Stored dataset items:
:::

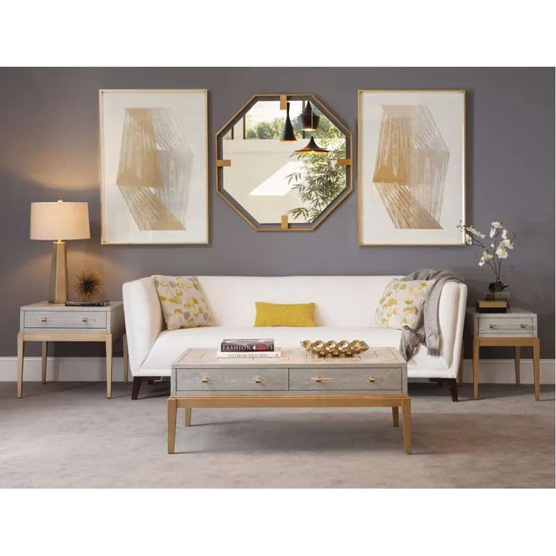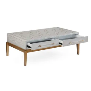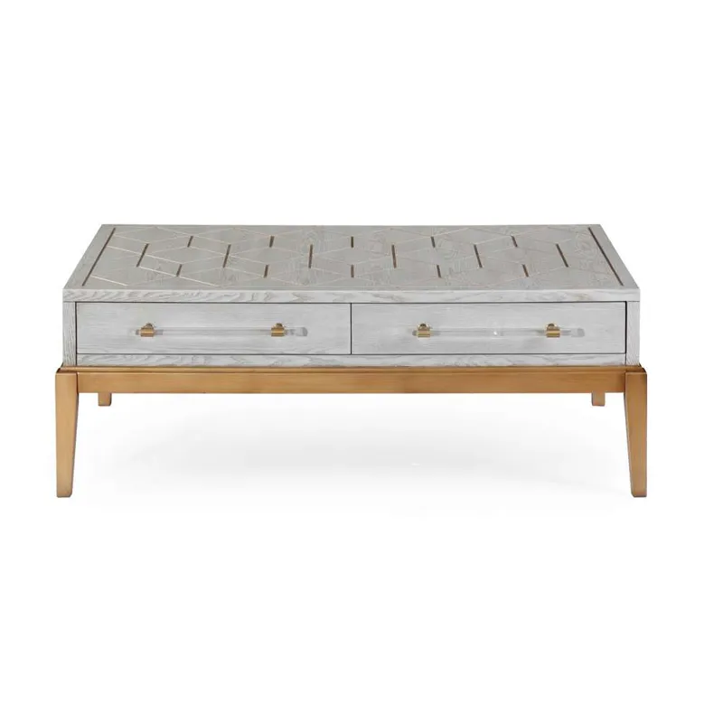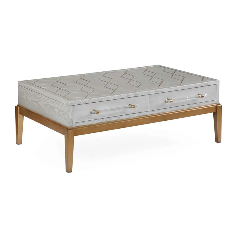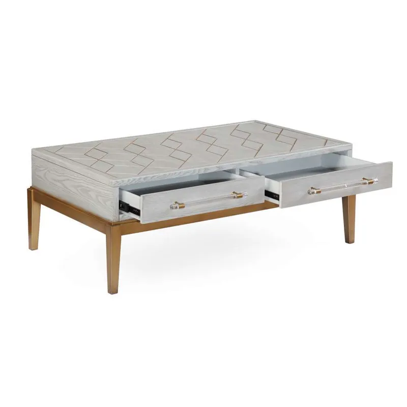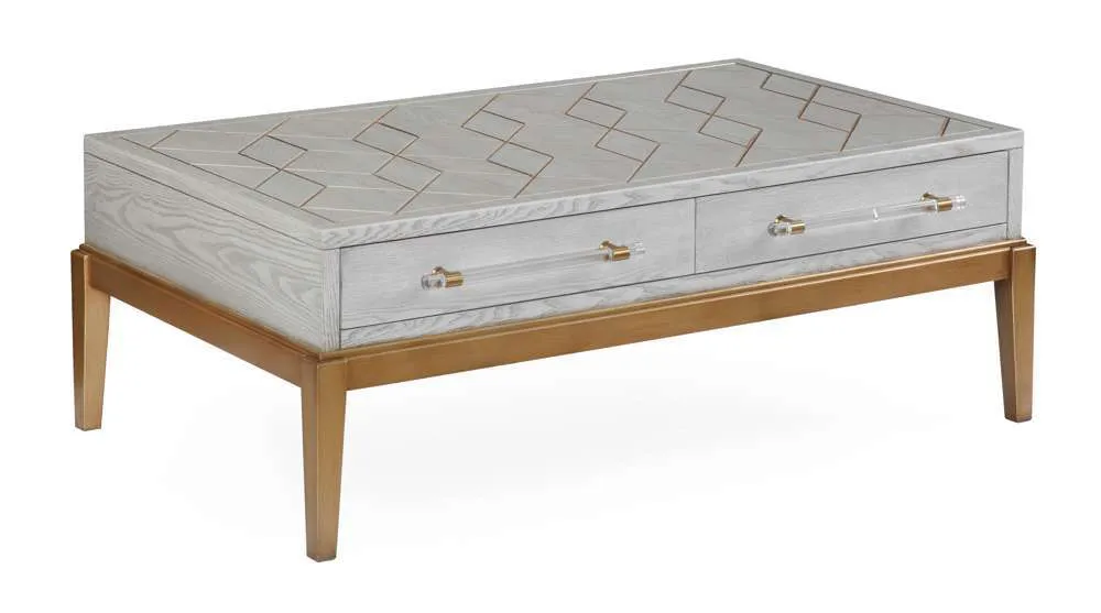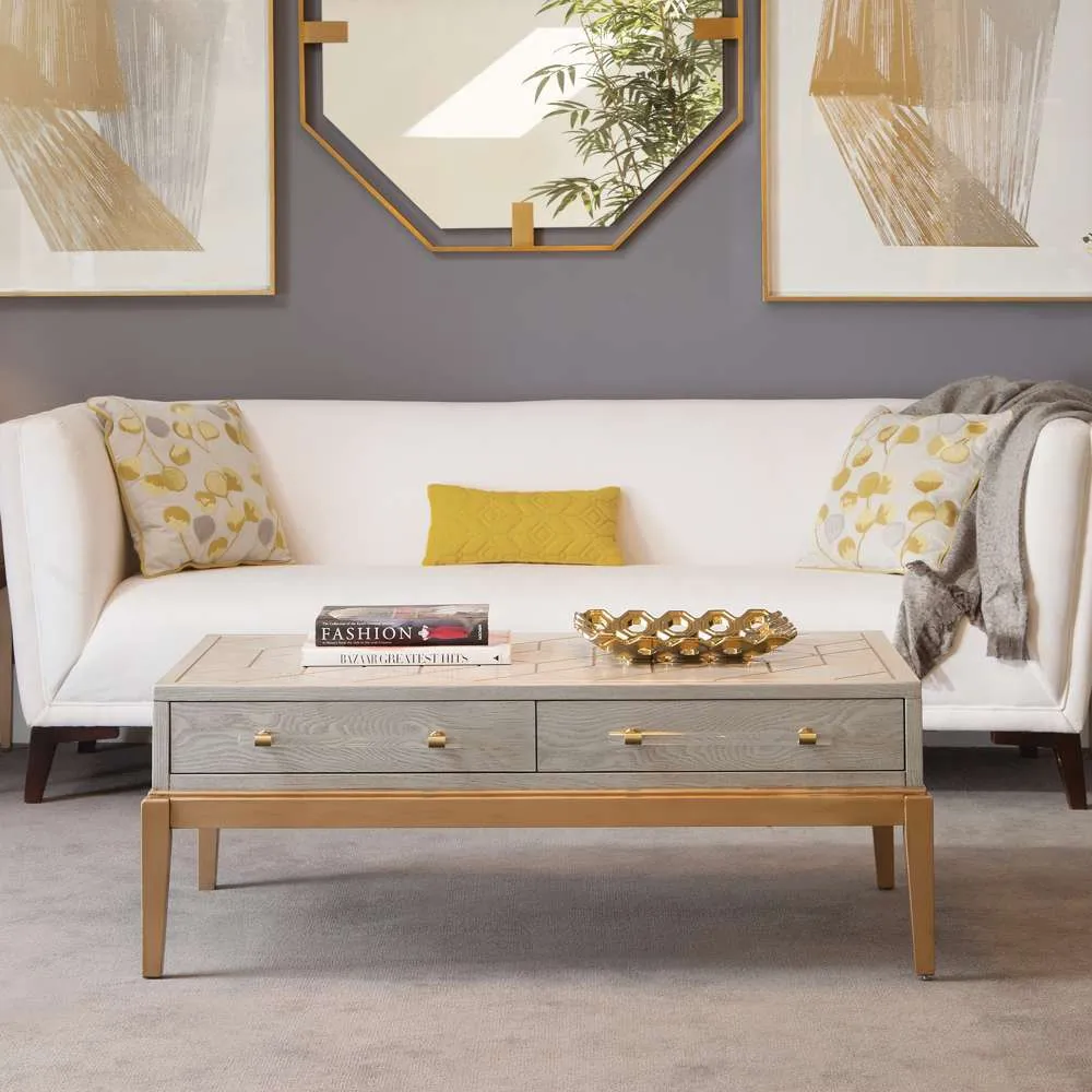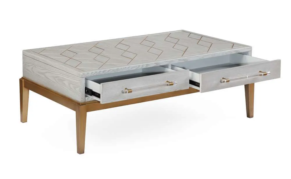 The Perrine Rectangular Cocktail Table will make the perfect centerpiece for your living room. The gold legs pop against the soft graphite gray table top. The top is accented with antique gold geometric inlay design, and custom acrylic hardware for the two draw pulls
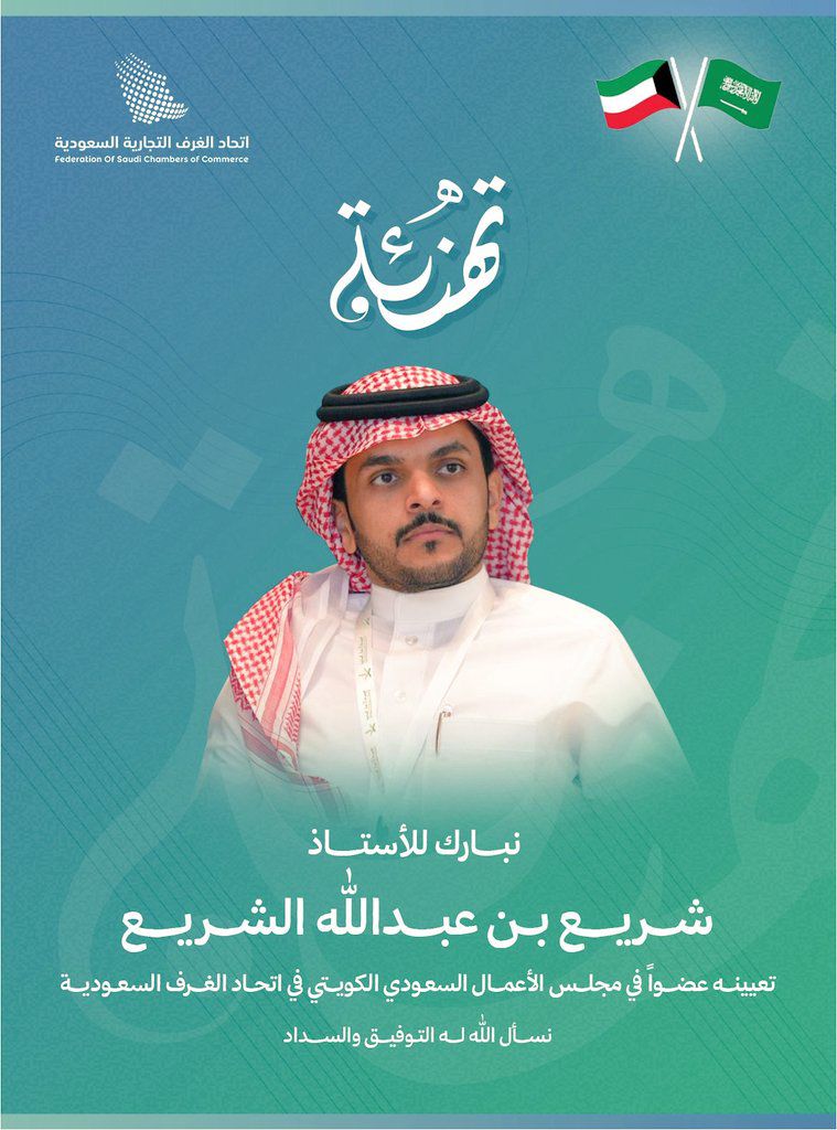 أعلن اتحاد الغرف السعودية عن تعيين الأستاذ شريع بن عبدالله الشريع، الرئيس التنفيذي لـمجموعة الأعمال الوطنية، عضواً في مجلس الأعمال السعودي-الكويتي، وذلك في إطار تعزيز التعاون الاقتصادي والتجاري بين المملكة العربية السعودية ودولة الكويت.
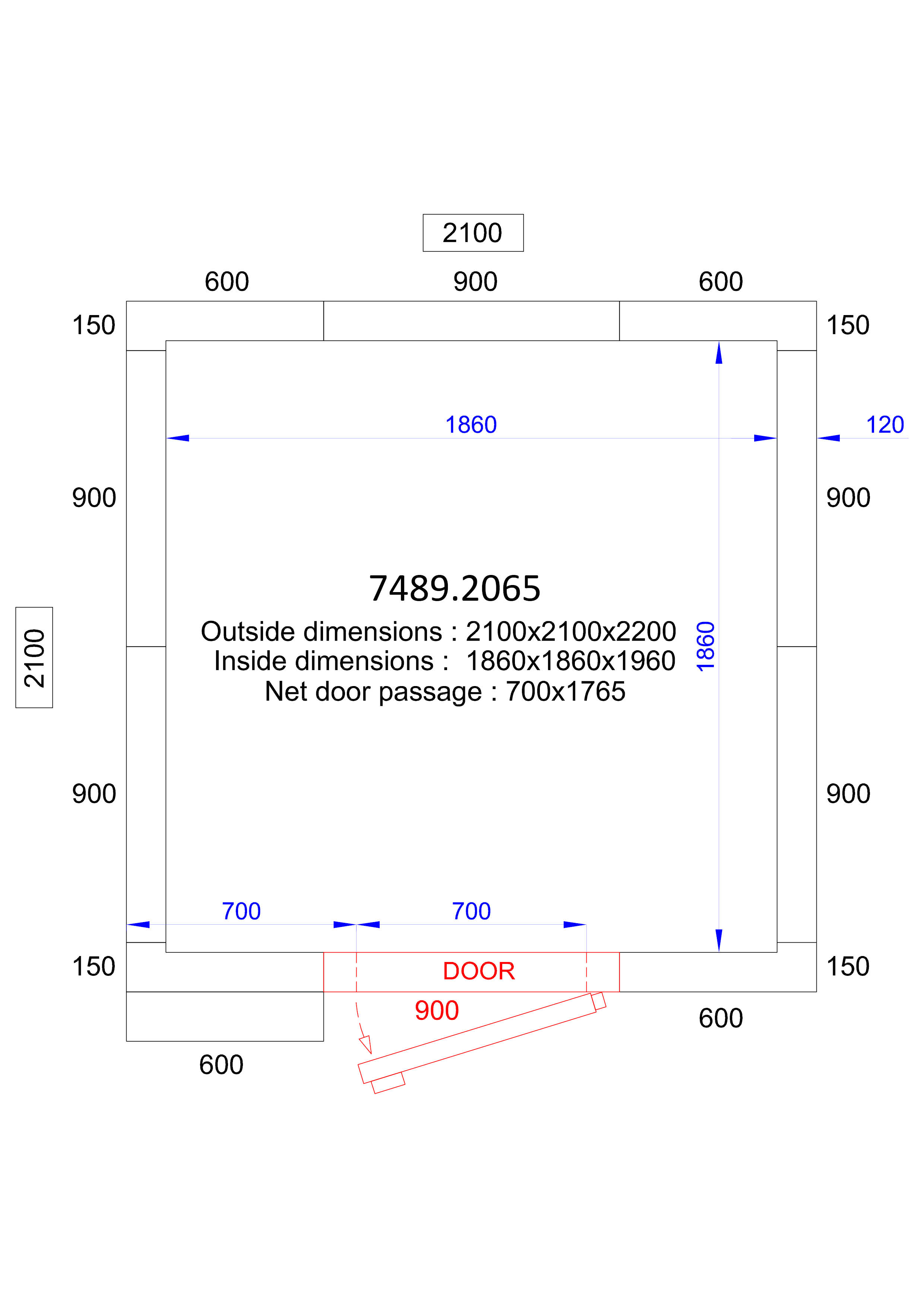 - Interior Dimensions (WxDxH): 1860x1860x1960 mm
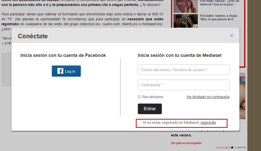 Si escoges la segunda opción debes saber una cosa: para poder registrarte como un candidato, lo primero que tienes que hacer es registrarte en Mediaset. Para ello deberás marcar la opción que encontrarás abajo de todo de "Iniciar sesión" y te aparecerá una pantalla en la que podrás iniciar tu sesión, entrar con Facebook o darte de alta como un nuevo usuario.
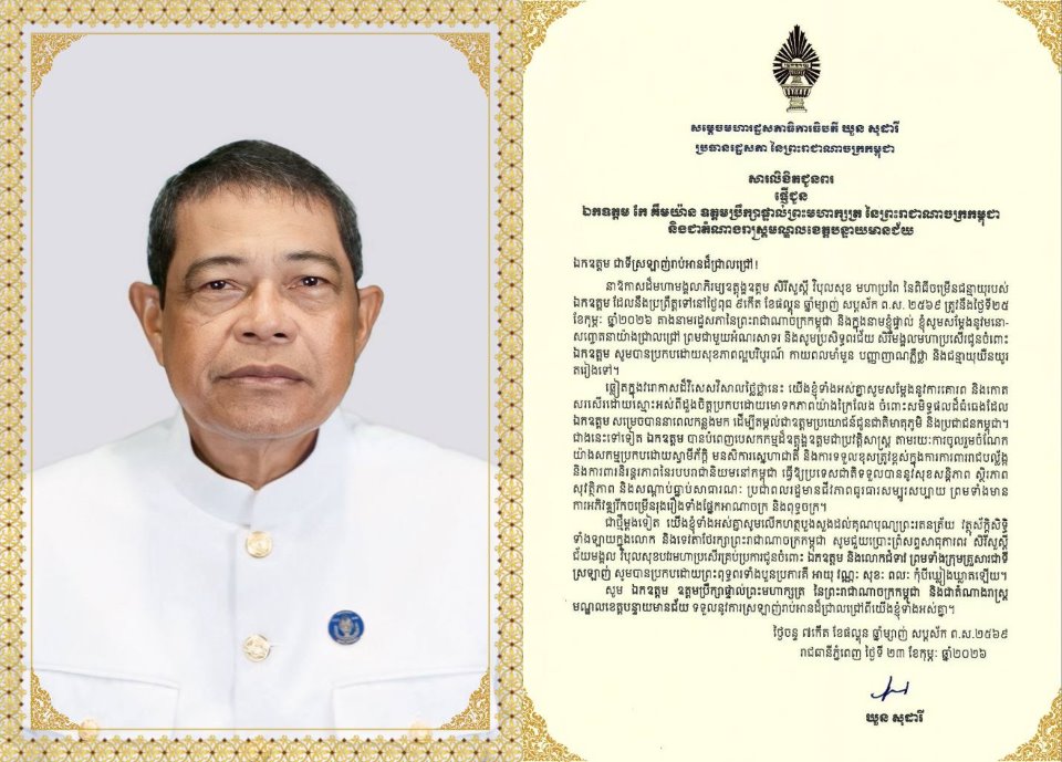 សម្តេចមហារដ្ឋសភាធិការធិបតី ឃួន សុដារី ប្រធានរដ្ឋសភា ព្រមទាំងថ្នាក់ដឹកនាំរដ្ឋសភា នៃព្រះរាជាណាចក្រកម្ពុជា ផ្ញើសារលិខិតជូនពរ ជូន ឯកឧត្តម កែ គឹមយ៉ាន ឧត្តមប្រឹក្សាផ្ទាល់ព្រះមហាក្សត្រ នៃព្រះរាជាណាចក្រកម្ពុជា និងជាតំណាងរាស្ត្រមណ្ឌលខេត្តបន្ទាយមានជ័យ នាឱកាសដ៏មហាមង្គលាភិរម្យឧត្តុង្គឧត្តម សិរីសួស្តី វិបុលសុខ មហាប្រពៃ នៃពិធីចម្រើនជន្មាយុរបស់ ឯកឧត្តម ដែលនឹងប្រព្រឹត្តទៅនាពេលខាងមុខ។
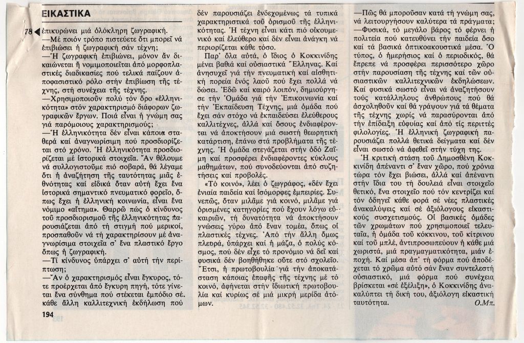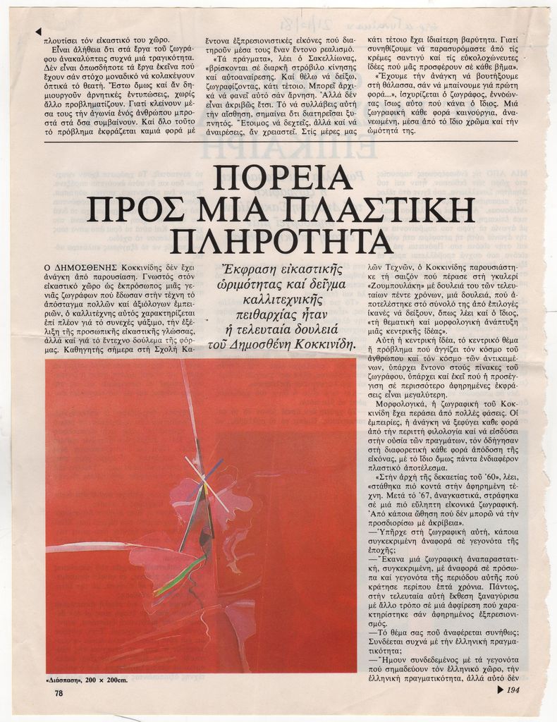 Αποκόμματα, έντυπο, χαρτί ιλουστρασιόν, 2 τμήματα, 29,8×22,5 και 15,3×22,8 εκ., όπου δημοσιεύεται, στα ελληνικά, απόσπασμα συνέντευξης του Δημοσθένη Κοκκινίδη στην Όλγα Μπατή με αφορμή την ατομική του έκθεση στην Αθήνα το 1981.

:::

The entries above are to be returned exactly, without their pictures.

### REPLY TO THE EXERCISE
 The Perrine Rectangular Cocktail Table will make the perfect centerpiece for your living room. The gold legs pop against the soft graphite gray table top. The top is accented with antique gold geometric inlay design, and custom acrylic hardware for the two draw pulls
 أعلن اتحاد الغرف السعودية عن تعيين الأستاذ شريع بن عبدالله الشريع، الرئيس التنفيذي لـمجموعة الأعمال الوطنية، عضواً في مجلس الأعمال السعودي-الكويتي، وذلك في إطار تعزيز التعاون الاقتصادي والتجاري بين المملكة العربية السعودية ودولة الكويت.
 - Interior Dimensions (WxDxH): 1860x1860x1960 mm
 Si escoges la segunda opción debes saber una cosa: para poder registrarte como un candidato, lo primero que tienes que hacer es registrarte en Mediaset. Para ello deberás marcar la opción que encontrarás abajo de todo de "Iniciar sesión" y te aparecerá una pantalla en la que podrás iniciar tu sesión, entrar con Facebook o darte de alta como un nuevo usuario.
 សម្តេចមហារដ្ឋសភាធិការធិបតី ឃួន សុដារី ប្រធានរដ្ឋសភា ព្រមទាំងថ្នាក់ដឹកនាំរដ្ឋសភា នៃព្រះរាជាណាចក្រកម្ពុជា ផ្ញើសារលិខិតជូនពរ ជូន ឯកឧត្តម កែ គឹមយ៉ាន ឧត្តមប្រឹក្សាផ្ទាល់ព្រះមហាក្សត្រ នៃព្រះរាជាណាចក្រកម្ពុជា និងជាតំណាងរាស្ត្រមណ្ឌលខេត្តបន្ទាយមានជ័យ នាឱកាសដ៏មហាមង្គលាភិរម្យឧត្តុង្គឧត្តម សិរីសួស្តី វិបុលសុខ មហាប្រពៃ នៃពិធីចម្រើនជន្មាយុរបស់ ឯកឧត្តម ដែលនឹងប្រព្រឹត្តទៅនាពេលខាងមុខ។
 Αποκόμματα, έντυπο, χαρτί ιλουστρασιόν, 2 τμήματα, 29,8×22,5 και 15,3×22,8 εκ., όπου δημοσιεύεται, στα ελληνικά, απόσπασμα συνέντευξης του Δημοσθένη Κοκκινίδη στην Όλγα Μπατή με αφορμή την ατομική του έκθεση στην Αθήνα το 1981.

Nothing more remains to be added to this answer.